Зонд гибридизации

В молекулярной биологии гибридизационный зонд ( ГП ) представляет собой фрагмент ДНК или РНК длиной обычно 15–10 000 нуклеотидов , который можно пометить радиоактивно или флуоресцентно . HP можно использовать для обнаружения присутствия нуклеотидных последовательностей в анализируемой РНК или ДНК, которые комплементарны последовательности в зонде. ^[1] Меченый зонд сначала денатурируется (при нагревании или в щелочных условиях, таких как воздействие гидроксида натрия ) в одноцепочечную ДНК (оцДНК), а затем гибридизуется с целевой оцДНК ( саузерн-блоттинг ) или РНК ( нозерн-блоттинг ), иммобилизованной на мембране или в место .

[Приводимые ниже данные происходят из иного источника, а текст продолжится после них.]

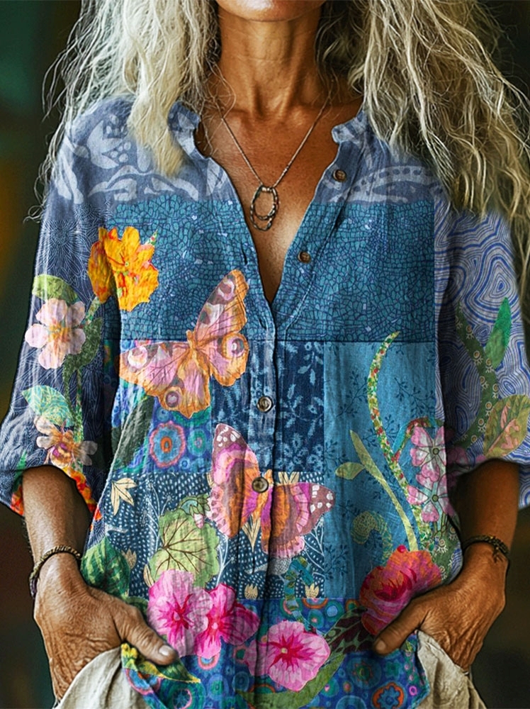 Women's Flowers Butterflies Art PatternPrint Casual Cotton Linen Shirt
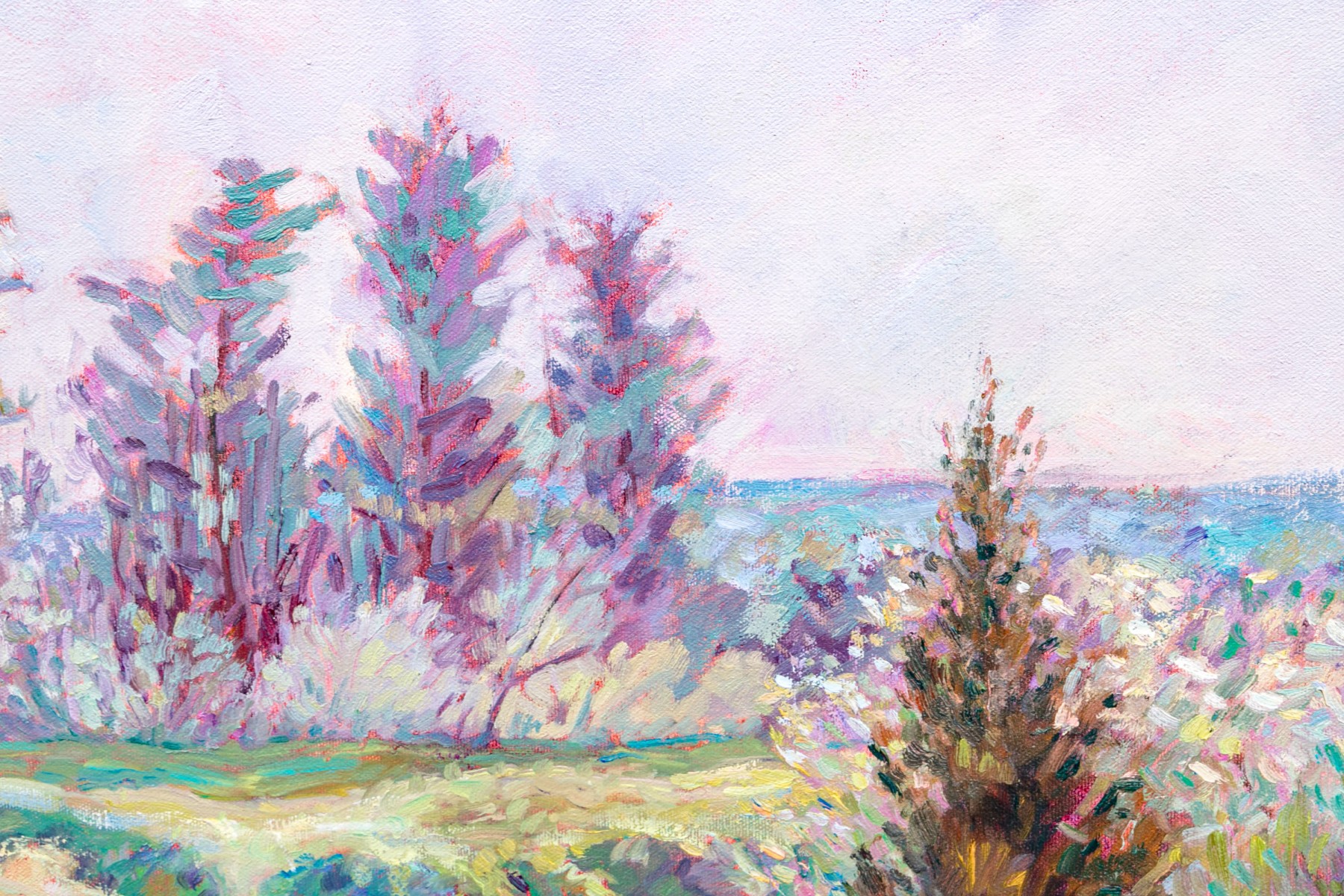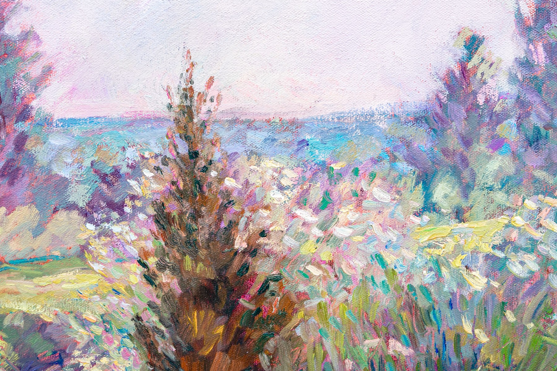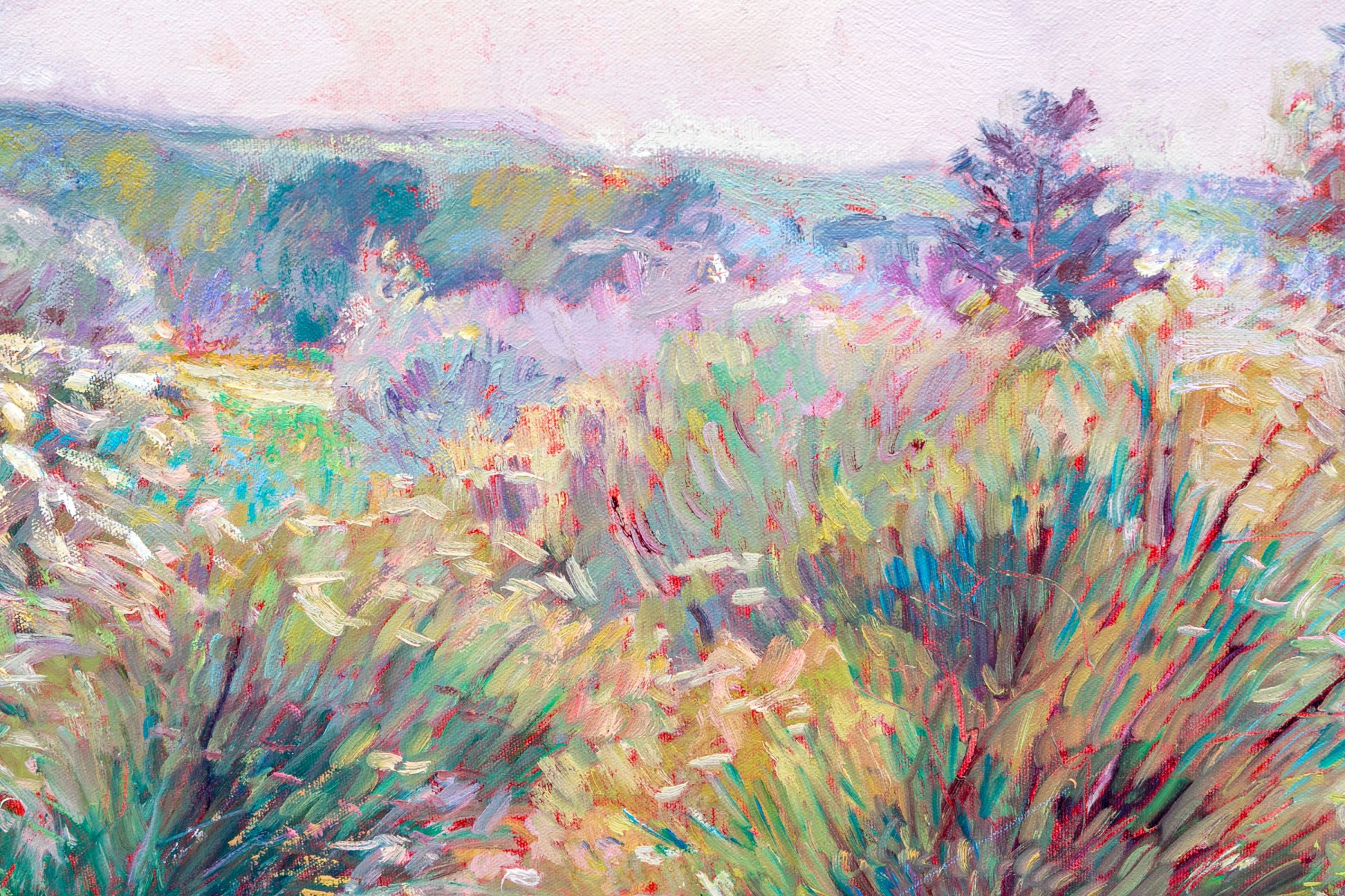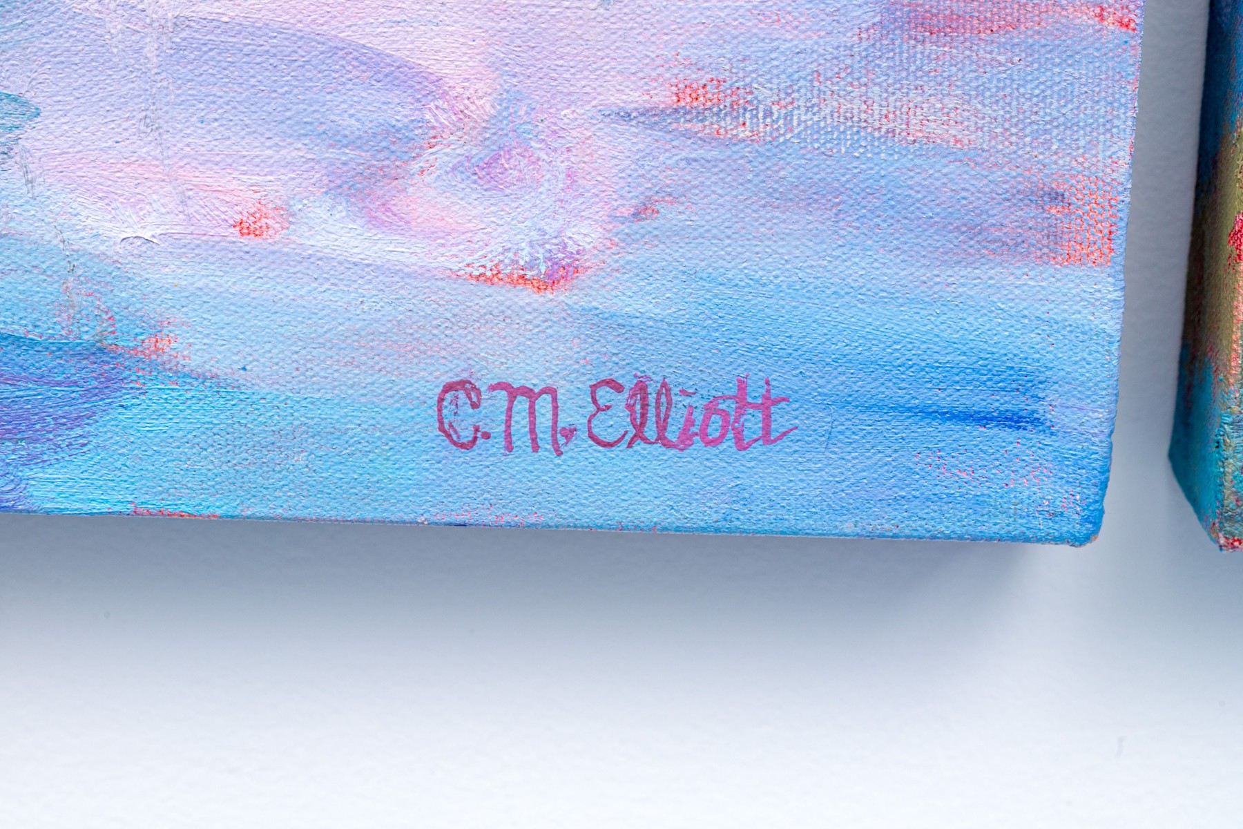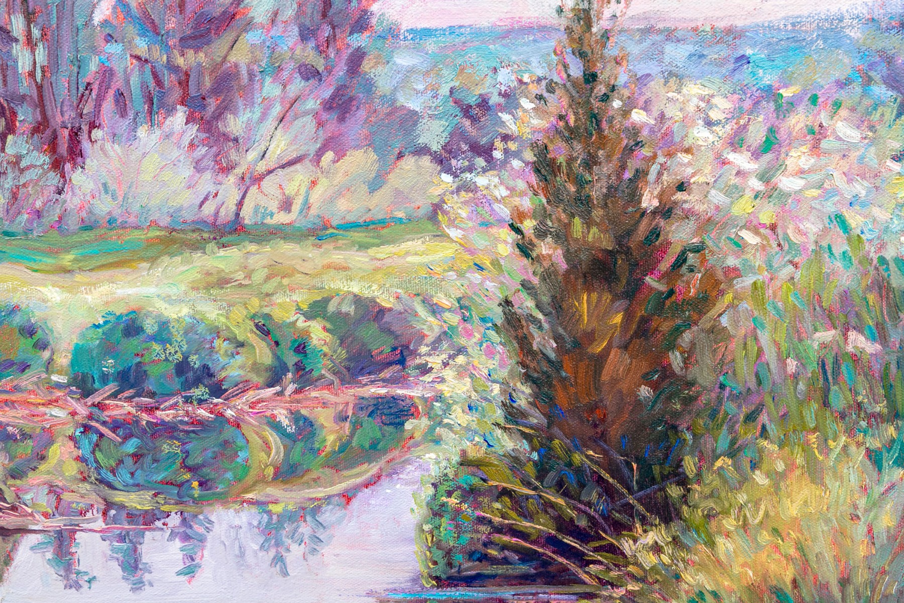 The artist has depicted an idyllic landscape with body of water with lush vegetation bursting with life and vibrant hues throughout. Catherine M. Elliott displays her amazing talents with a brush throughout but highlighted by the manner in which the light ripples off the water in the near ground.
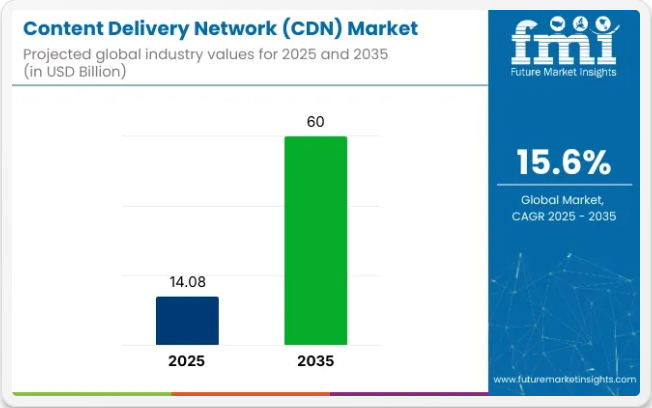 世界のコンテンツ配信ネットワーク(CDN)市場は、2025年に140億8000万米ドルの規模となり、2035年までに600億米ドルに達すると予測されており、予測期間において15.6%という堅調なCAGR(年平均成長率)を示しています。この成長過程は、モバイルおよびデスクトッププラットフォームにおけるデータ消費量、動画ストリーミング、ゲーム、リアルタイムコンテンツ配信の急激な増加によって牽引されている。
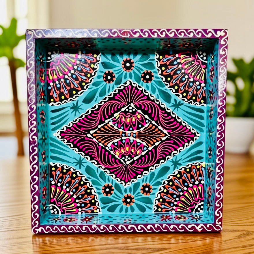 This elegant Fine Art Square Tray is a beautifully handcrafted piece that reflects timeless artistry and skilled craftsmanship. Designed in a balanced square shape, the tray is adorned with intricate fine art patterns and detailed hand-painted work, giving it a refined and premium look.
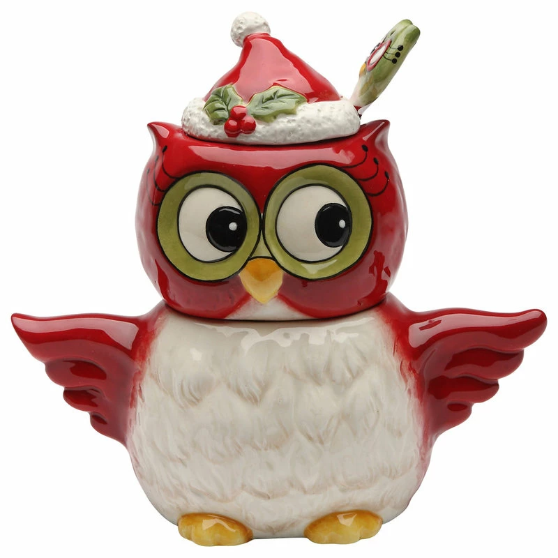The Owl Sugar and Creamer Set is a fun, easy way to doctor your morning coffee or tea. Made from hand-painted red and white ceramic, this sugar and creamer set by Laurie Furnell is festive and unique. Includes a small spoon.
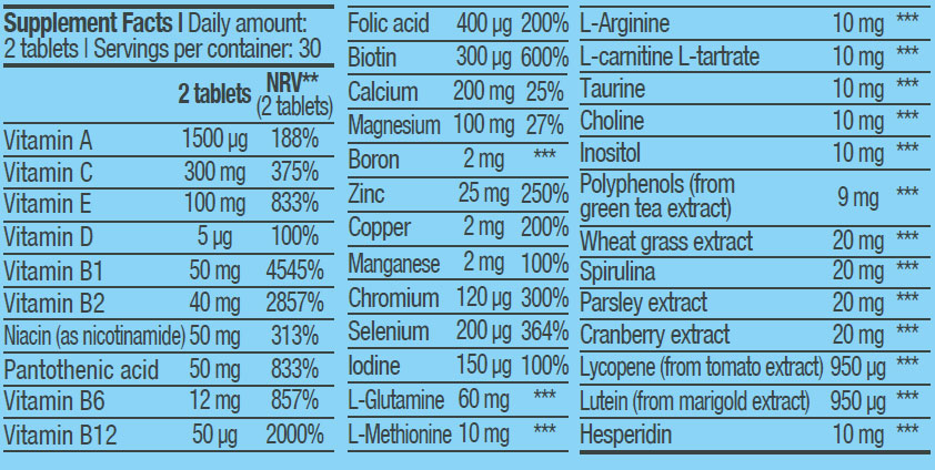 Съчетава пълен набор от витамини и минерали с антиоксидантни съставки, специално подбрани за мъже. Формулата включва аминокиселинна база, плодови и зеленчукови екстракти и антиоксиданти, които подпомагат нормалните функции на организма и поддържат жизненост през деня.

Чтобы обнаружить гибридизацию зонда с его целевой последовательностью, зонд помечают (или «помечают») молекулярным маркером либо радиоактивных, либо (в последнее время) флуоресцентных молекул. Обычно используемые маркеры ³²P ( радиоактивный изотоп фосфора , включенный в фосфодиэфирную связь в ДНК-зонде), дигоксигенин , нерадиоактивный маркер на основе антител , биотин или флуоресцеин. Последовательности ДНК или транскрипты РНК, которые имеют умеренное или высокое сходство последовательностей с зондом, затем обнаруживаются путем визуализации гибридизованного зонда с помощью авторадиографии или других методов визуализации. Обычно фильтр делают либо рентгеновскими снимками, либо фильтр помещают под ультрафиолетовый свет. Обнаружение последовательностей с умеренным или высоким сходством зависит от того, насколько строгие условия гибридизации были применены - высокая строгость, например, высокая температура гибридизации и низкое содержание соли в буферах для гибридизации, допускает гибридизацию только между последовательностями нуклеиновых кислот , которые очень похожи, тогда как низкая строгость, например, более низкая температура и высокое содержание соли позволяют проводить гибридизацию, когда последовательности менее похожи.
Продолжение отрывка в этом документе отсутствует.